An old-fashioned fireplace meant for cooking.
A little light cooking in the fireplace adds a special touch to a cozy winter day spent in the living room, but making a serious meal will prove more demanding. While it is true that back in the days before gas and electric stoves, all cooking was essentially fireplace cooking, that does not mean that the living room fireplace is ready made for that kind of service.
Light Cooking
The easiest things to cook in the fireplace are basic snacks of the type familiar to most anyone who went camping with their family or a Scouts organization. Take a metal skewer, or a stick of green (unseasoned, freshly cut) wood that has been cut into a skewer, and use it to toast marshmallows or broil hot dogs, sausage or little cuts of meat in the fire. This can be done in any fire, requires little in the way of special equipment and is very straightforward.
Proper Cooking Fire
Doing anything more elaborate will first require that there be a proper cooking fire in the fireplace. This is important because the fuel in the fire must burn hot enough and long enough to serve its purpose with a minimum of fiddling and fuss. Constantly having to add more logs, stoke up the fire and burn it back to the stage of having hot coals, for example, will create wildly uneven heat and make proper cooking a nightmare.

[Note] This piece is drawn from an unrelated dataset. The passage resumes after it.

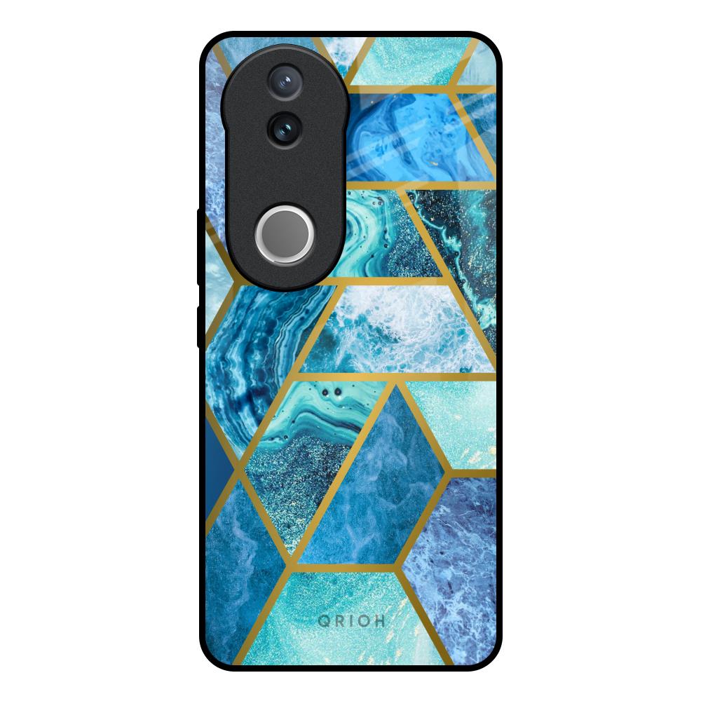 Turquoise Geometrical Marble Glass Case for Vivo V50e 5G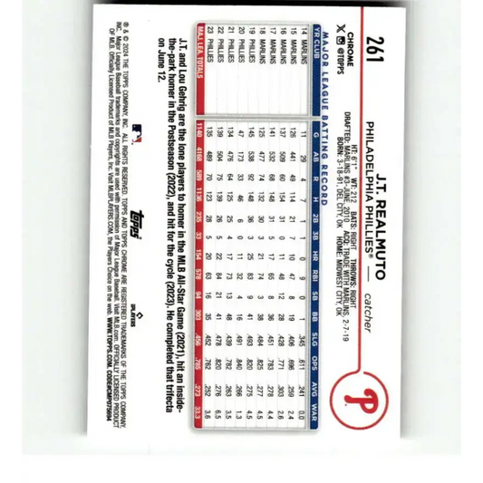 2024 Topps Chrome X-Fractor #261 J.T. Realmuto NM-MT Philadelphia Phillies Baseball Card

Only use properly seasoned (dried) hardwood. Seasoned wood burns hotter and with less smoke than green wood, and hardwood will burn hotter and longer than soft. One pattern for building a cooking fire that will reach a high temperature quickly is to lay two or three logs into the fireplace (depending on how wide it is) so one end is against the back wall and the other is facing out the fireplace. Fill the spaces between them with kindling. Then lay logs across the top to create a second layer in an alternating pattern. This checkerboard of logs will create plenty of space for air to circulate in the fireplace, providing maximum oxygen to the fire.
This fire should be allowed to burn down to hot coals before any cooking begins, and from that point forward the fire should be fed with only enough extra wood to maintain the pile of hot coals during the cooking process. The cooking heat should come entirely or mostly from hot coals, just like on a barbecue grill, and not a roaring flame.
Adapted Campfire Recipes
The simplest way to use a proper bed of hot coals burning away in the fireplace are to adapt some campfire recipes that also use hot coals. A recipe that dates back to the Indians is corn on the cob roasted in the husk. Place unhusked corn (or open the husk, pull out the silk, and then put the husk back together) around the edges of the hot coals. Let it sit there for about 15 minutes, turning it two or three times during the process. The heat will steam the corn using the water in its own husk, quickly cooking up some corn on the cob. A similar thing can be done with baked potatoes: Smear the potatoes with oil or Crisco, wrap them in aluminum foil and lay then around the edges of the hot coals for about one hour, turning them over two or three times during the process.
Grilling and Stewing
More elaborate cooking will require specialized equipment. A range of spitjack and hibachi grills can be used in the fireplace, basically transferring the backyard barbecue into the house. The same recipes one would use for a barbecue are easily transferred to these grills. A serious fireplace chef, however, will want to refit their fireplace with mountings for a grill, roasting spit, and also install an iron hook for hanging a stew pot. This will allow the fireplace to be readily transfered into a grill, roaster, stove, and oven pretty much at will, making it a completely equipped kitchen in and of itself.